As brands scramble to find savvy young talent that can crack the code of a successful TikTok strategy, they’re heading straight to the source to recruit them.
In the past four months, Gen Z-focused beauty brand Lottie London has filled three marketing positions by advertising them on TikTok and Instagram’s Reels. It asked candidates to apply via TikTok and Instagram DM with their portfolios — with no cover letter required, of course.
Amid the Great Resignation, “lots of people are rethinking their careers or looking for different kinds of roles or jobs,” said Nora Zukauskaite, marketing director at Lottie London. “We started thinking in line with that, given that people are looking for a different meaning of work-life in their lives. We [started considering], ‘How does that affect recruitment? And how do we talk to these communities?’”
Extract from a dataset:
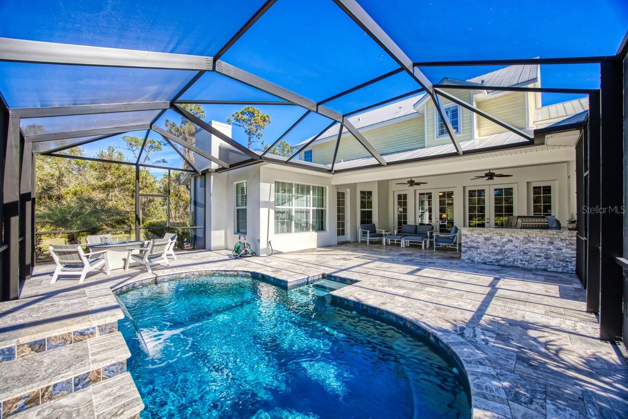 Discover the perfect blend of luxury and comfort in this stunning 5-bedroom, 4-bathroom, two-story custom-built home nestled on a serene wooded lot on 5.25 acres in the coveted Myakka River Trails community. Every detail of this residence exudes sophistication and quality craftsmanship, offering an unparalleled living experience. The chef’s kitchen has been completely redone with custom cherry cabinets, quartz countertops, and state-of-the-art appliances. Luxurious custom oak hardwood floors, imported from North Carolina, span throughout the home, complemented by solid core doors and intricate moldings. A spacious dining room, a formal living room, and a bright sunroom create a welcoming atmosphere throughout. The living areas are enhanced by two stunning fireplaces featuring antique walnut wood mantles, adding warmth and elegance to the space. All bathrooms have been beautifully updated with high-end finishes, ensuring every space feels modern and refined. The property also boasts a 4-car extended garage with ample workspace and epoxy floors. Every detail has been considered with the installation of PGT hurricane-resistant windows and doors, offering peace of mind and durability. The newly installed variable speed Trane cooling system with a blue light feature ensures optimal comfort, while all LED lighting throughout the home enhances both efficiency and ambiance. Outside, the property boasts a brand-new pool surrounded by elegant travertine tile. Two commercial-grade outdoor grills make hosting effortless, while recently landscaped gardens enhance the natural beauty of the wooded lot. Situated just 10 minutes from SMH Hospital and 3 minutes from Wellen Park, also close by is a new Costco, Publix shopping plaza, restaurants, and walking trails—this home offers the perfect combination of convenience and exclusivity. Located within Myakka River Trails, the property provides privacy and proximity to nature. This home seamlessly combines modern upgrades with timeless elegance, making it the perfect retreat for families or anyone seeking a luxurious lifestyle in a prime location. Don’t miss the opportunity to call this exquisite property home!

Alicia Connolly, social media assistant at Lottie London, was hired earlier this year after seeing one of the recruitment videos and applying through the brand’s DMs. “It was such a cool way to move away from the traditional job sharing and recruiting process,” she said.
Connolly and the other two hires filled social media marketing roles. Part of their jobs includes filming behind-the-scenes office life videos for TikTok.
Brands have been more enthusiastic about hiring on TikTok. CeraVe has also been recruiting on TikTok for a marketing role for the platform, said Adam Kornblum, the brand’s vp and head of global digital marketing, at the Glossy TikTok Strategies event in June. And teen-focused retailer PacSun hired a store associate to work full-time in its corporate office after seeing their viral TikTok content.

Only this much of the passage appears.